§ Data provided:
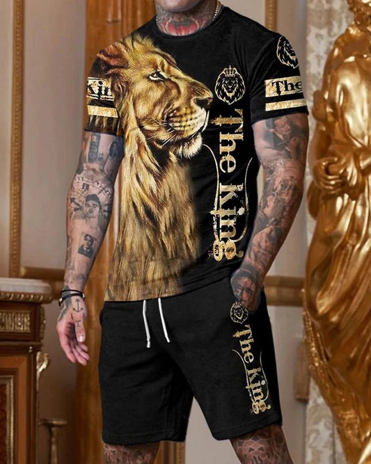 Blue Gradient Printed Round Collar Short Sleeve Suit
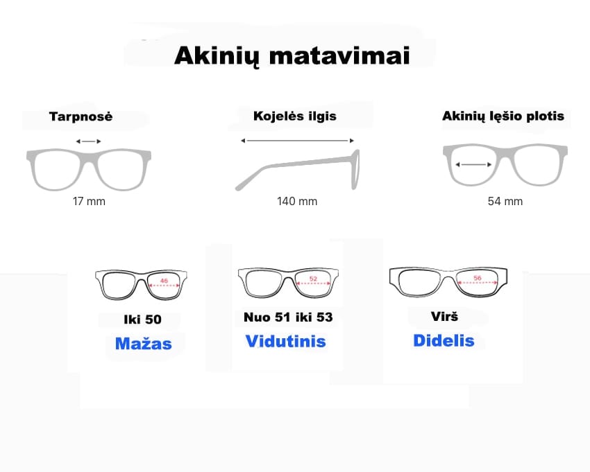 Akinių lęšio plotis 55 Tarpnosė 15 Kojelės ilgis 145
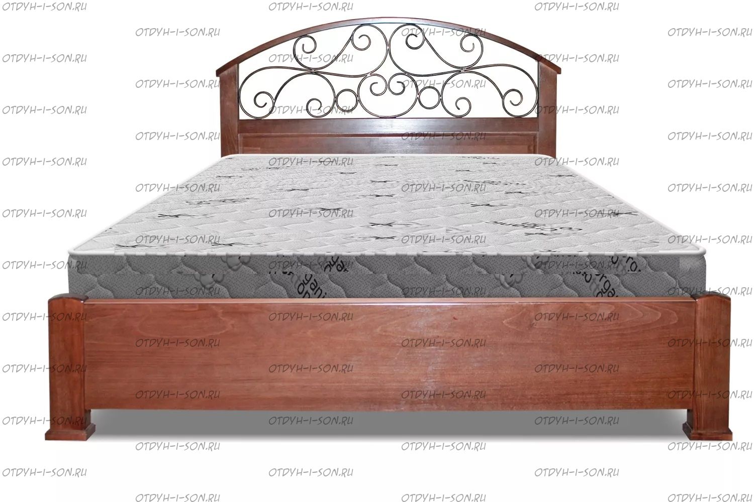Кровать Лаура (ковка) М Характеристики: Размер спального места: 80х190/195/200, 90х190/195/200, 120х190/195/200, 140х190/195/200, 160х190/195/200, 180х190/195/200, 200х190/195/200 см. Комбинированная кровать: Массив сосны и вставки из экологически чистой мебельной фанеры Спинка в изголовье имеет резные элементы с художественной резьбой Габариты кроватей: Высота днища кроватей: Высота от пола до спального места: 25 см. Высота от пола до царги: 19 см. Ширина царги - 16 см., из них 10 см. составляет бортик, который держит матрас, остальные 6 см. под спальным местом, закрывают собой фурнитуру Основание кровати: да, в комплекте Подкроватные ящики: за дополнительную плату Ящики изготавливаются на колесиках и не прикрепляются к кровати, поэтому могут устанавливаться "лицом" к любой из боковыйх сторон кровати. Высота спинки в изголовье кровати: Крепления кровати: В базовом варианте с тыльной стороны ящиков декоративной планки не предусмотрено. Вес: 45-60кг. Любые размеры, в том числе и нестандартные Цвет: венге 1, венге 2, венге 3, венге 4, венге тон 2, коричневый тон 2, коричневый 1, коричневый 2, коричневый 3, коричневый 4, красно-коричневый тон 2, красно-коричневый 1, красно-коричневый 2, красно-коричневый 3, красно-коричневый 4, лак Изготовление из массива березы плюс 30% Изготовление в белом цвете или слоновая кость плюс 20%

§ Task item: Word-for-word repeat, images excluded: return all the data.

§ Exercise output:
 Blue Gradient Printed Round Collar Short Sleeve Suit
 Akinių lęšio plotis 55 Tarpnosė 15 Kojelės ilgis 145
Кровать Лаура (ковка) М Характеристики: Размер спального места: 80х190/195/200, 90х190/195/200, 120х190/195/200, 140х190/195/200, 160х190/195/200, 180х190/195/200, 200х190/195/200 см. Комбинированная кровать: Массив сосны и вставки из экологически чистой мебельной фанеры Спинка в изголовье имеет резные элементы с художественной резьбой Габариты кроватей: Высота днища кроватей: Высота от пола до спального места: 25 см. Высота от пола до царги: 19 см. Ширина царги - 16 см., из них 10 см. составляет бортик, который держит матрас, остальные 6 см. под спальным местом, закрывают собой фурнитуру Основание кровати: да, в комплекте Подкроватные ящики: за дополнительную плату Ящики изготавливаются на колесиках и не прикрепляются к кровати, поэтому могут устанавливаться "лицом" к любой из боковыйх сторон кровати. Высота спинки в изголовье кровати: Крепления кровати: В базовом варианте с тыльной стороны ящиков декоративной планки не предусмотрено. Вес: 45-60кг. Любые размеры, в том числе и нестандартные Цвет: венге 1, венге 2, венге 3, венге 4, венге тон 2, коричневый тон 2, коричневый 1, коричневый 2, коричневый 3, коричневый 4, красно-коричневый тон 2, красно-коричневый 1, красно-коричневый 2, красно-коричневый 3, красно-коричневый 4, лак Изготовление из массива березы плюс 30% Изготовление в белом цвете или слоновая кость плюс 20%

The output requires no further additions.